Who Is Lester Eubanks?
Eubanks raped and murdered Mary Ellen Deneer, 14, when she was walking to the laundromat in Mansfield, Ohio, in 1965. He confessed to the crime after police tracked him down by searching shops to see if anyone had purchased a gun that matched the bullets that had killed Deneer. Mary Ellen was not only shot twice, but was later hit in the head with a brick. Deneer told authorities he had returned to the scene after shooting the child and found her still struggling, at which point he hit her with a brick and fractured her skull.
Eubanks, who was 22 at the time, was sentenced to death for the crime, after which he received two stays of execution. In 1972, U.S. Supreme Court ruled that the death penalty was unconstitutional and his sentence was commuted to life in prison.
How Did Lester Eubanks Escape Prison?
Eubanks became what the “Unsolved Mysteries” episode titled “Death Row Fugitive” called a “model prisoner” while he was serving his time and was eventually granted special privileges for good behavior. As part of that program, he was able to leave the prison on numerous occasions with guard supervision.
On Dec. 7, 1973, however, prisoners went on a Christmas shopping trip in Columbus, Ohio, and Eubanks was able to shop unattended by a guard, according the the U.S. Marshall’s Service. The prisoners were given a time to meet to go back to the prison, but Eubanks never showed up. In the series, authorities mentioned they believe that Eubanks had been plotting his escape prior to that day.
The Search for a Fugitive
Authorities have discovered that Eubanks had gone by the alias Victor Young in the time he has been free. In the Netflix episode, police described how they also discovered that he made his way to California, where he lived with a pen pal that he talked to in prison. The woman had been previously married to Eubanks’ cousin, who was later killed. She described Eubanks as a bully, and said she eventually got him to move out by saying she had received a call from the FBI, according to police.
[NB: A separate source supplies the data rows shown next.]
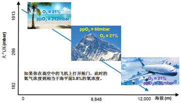眾所周知,從海平面到萬米的高空,氧氣在空氣中的含量均為21%左右,但是氧分壓卻有很大的不同。
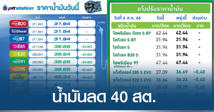 ผู้ค้าน้ำมันปรับลดราคาขายปลีกน้ำมันกลุ่มเบนซินและแก๊สโซฮอล์ทุกชนิดลง 40 สตางค์/ลิตร ส่วนกลุ่มดีเซลคงเดิม มีผลพรุ่งนี้ (5 ส.ค.66) เวลา 05.00 น. เป็นต้นไป
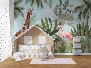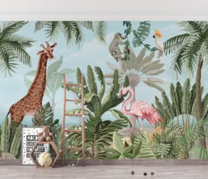 Doğanın büyüsünü çocuk odalarınıza taşıyan bu tropikal hayvanlar temalı duvar kağıdı, flamingolar, maymunlar ve gergedanlarla dolu. Sevimli karakterler ve yeşil doğa manzarası ile odanıza neşe katın. Kendinden yapışkanlı veya geleneksel seçenekler mevcut.
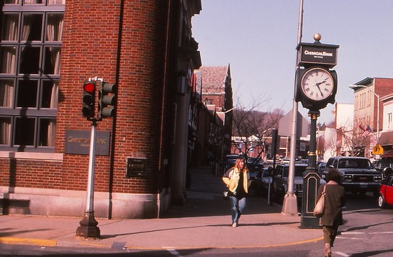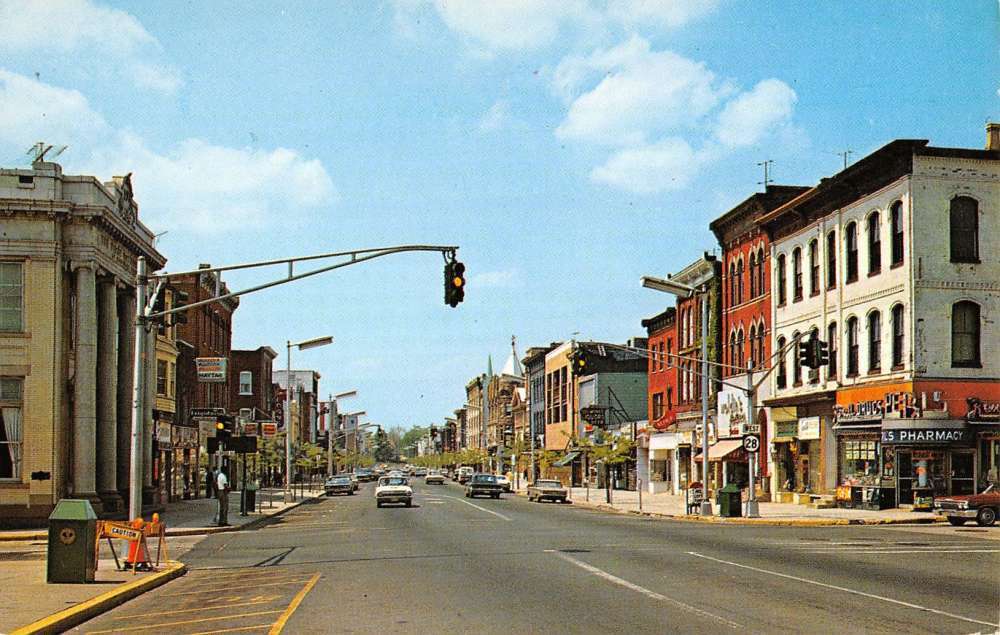 Many of the traffic signals installed on New Jersey’s state and US routes from the 1950s into the ’70s were dark green Marbelites clustered back-to-back. This example is from NJ-US Route 46 in Hackettstown. Pedestal-mount signals, like the one in the foreground, or side-of-pole signals, were often added for better visibility by pedestrians. This was a lazier/cheaper solution, compared to wiring in pedestrian signals with crosswalk phases.

Police also believe that Eubanks’ father, the late Rev. Mose L. Eubanks, knew where his son was and would not reveal that information to authorities. Authorities tapped Mose’s phone and believed that he took calls from Eubanks. Mose died in 2012.
Staff Lt. Mike Vinson of the Bucyrus Headquarters of the Highway Patrol, who has worked on the case, spoke in the documentary about Mose.
"He didn't admit that he knew where he was. Just some of the statements he made. Why would he say, 'People change' and "I pray for Lester every day' if he didn't know that he was alive and well?" Vinson said.
Eubanks has never been located, and is believed to have connections in several states. He is now 77 years old. Police have released sketches over the years of what Eubanks may look like. At the time of his disappearance, Eubanks was 5-foot-11 with black hair and brown eyes, and weighed approximately 175 pounds.
Where Does the Lester Eubanks Case Stand Now?
Since the release of the Netflix's episode on Eubanks, police upped the reward for his capture from $25,000 to $50,000, the biggest reward offered for any Top 15 Most Wanted fugitive in the history of the U.S. Marshals Service.
Authorities believe they know that the highly sought-after fugitive is somewhere in or around Los Angeles. In March 2021, authorities announced they obtained photos of Eubanks in L.A., working and socializing. One of the photographs places him at a former waterbed factory in Gardena, which the Marshals Service have begun investigating, CBS News reported.
“We believe that he may have never left the Greater Los Angeles area,” Siler said. “We know that he has a footprint there, we know that he has associates throughout the area, we just need to talk to those people.”